Skewness measures how asymmetrical a distribution is.
Distributions with skewness close to zero are close to symmetrical. Distributions with skewness further from zero are more asymmetrical.
Distributions with a negative skewness are "left skewed". This means they have a longer tail on the left hand side. Distributions with a positive skewness are "right skewed" and have a longer tail on the right-hand side.
When To Use Skewness
Skewness is useful when you want to measure how symmetric a distribution is. A highly skewed distribution will be more influenced by values on one of the tails than the other.
Calculating skewness and kurtosis will tell you about how symmetrical a distribution is and how much of it is in the tails.
How To Calculate Skewness
Pearson's Median Skewness can be calculated as 3 * (mean - median) / std. Where std is the distribution's standard deviation.

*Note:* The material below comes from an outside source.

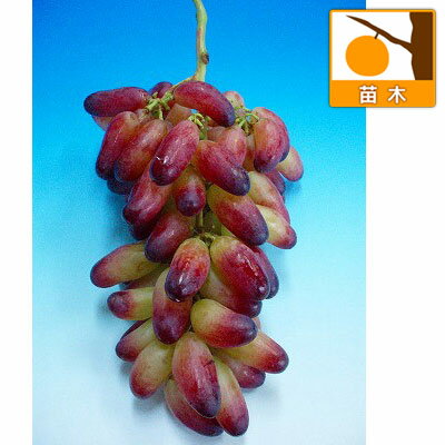 ユニークな形で皮ごと食べられる高級ぶどう 苗木果樹の苗/ブドウ:マニキュアフィンガー接木苗4〜5号ポット果粒はユニークな指の形で、皮ごとパリパリと食べられます。果粒は重さ13g、糖度19度の未体験の味です。自家結実性です。タイプ:ブドウ科の耐寒性落葉樹(つる性)耐寒性:マイナス30度植付け最適期:11月下旬〜3月(最適期は上記のとおりですが、ポット入りの苗ですので、真夏を除き年間を通して植え付け可能です)開花:4月収穫:9月樹高:5〜10m(つる性)日照:日向むき栽培方法:日当たり・水はけのよい場所が適しています。地植えの場合はなるべく深く穴を掘り、有機肥料を元肥えとして施して植え付けます。鉢植えの場合も同様になるべく深い鉢を選んで植えてください。植え付け後は3〜5芽を残し、地際から30cmくらいのところで切戻し、支柱を立て、枝を誘引して止めつけます。仕立て方としてはまっすぐの棒に巻きつけるように上方に伸ばす棒仕立て、またはぶどう棚や垣根に誘引する仕立て方があります。鉢植えの場合はあんどん仕立てにすると良いでしょう。肥料は3月と11〜12月に、根本に有機肥料などを施します。大粒種の場合、自然の状態では果粒数が少なくなりますので、実どまりをよくするために、花の満開時期にジベレリンの100倍溶液に花穂をひたすか、開花直前に花房の先端を1/3ほどきりつめます。また、チッソ肥料が多すぎると葉ばかり茂って実がつきにくいので、窒素分を控えるのも有効です。花後に結実した実には袋かけをして、病虫害や鳥害から守ります。剪定は12月〜1月に、前年に伸びた枝を切り戻してください。お届けする苗は4〜5号(直径12〜15cm)ポット入りの接木1〜2年生苗です。結実開始は2〜3年後からとなります。樹高につきましては、お届け時期により多少前後することがあります。また、夏〜秋のお届け時は虫食いや斑点など葉の状態がきれいでない場合がございますのでご了承ください。写真は結実時のイメージです。※商品のお取り寄せに数日かかる場合があります。※1年生苗は鉢上げして時間が経過していないため、枝数や小根が少なかったりする場合がございますが、生育に問題はございません。■この商品は第二配送センターよりお届けします。下記サービスについてはお受けできません。・メッセージカード・栽培ガイドの添付・ラッピング・代金引換決済・時間帯指定は地域によりご指定がお受けできない場合があります・配送業者の指定ブドウ:マニキュアフィンガー接木苗4〜5号ポットの栽培ガイド接木苗について

The numerator (mean - median) means that distributions with a mean lower than the median will have negative skewness. And distributions with a mean higher than the median will have positive skewness.
Dividing by the standard deviation normalizes the skewness measure to the overall variation in the data. A distribution with a (mean - median) of 5 and a standard deviation of 100 probably looks pretty symmetrical. While another distribution with a (mean - median) of 5 and a standard deviation of 3 probably looks right skew (a longer tail of numbers on the right-hand side).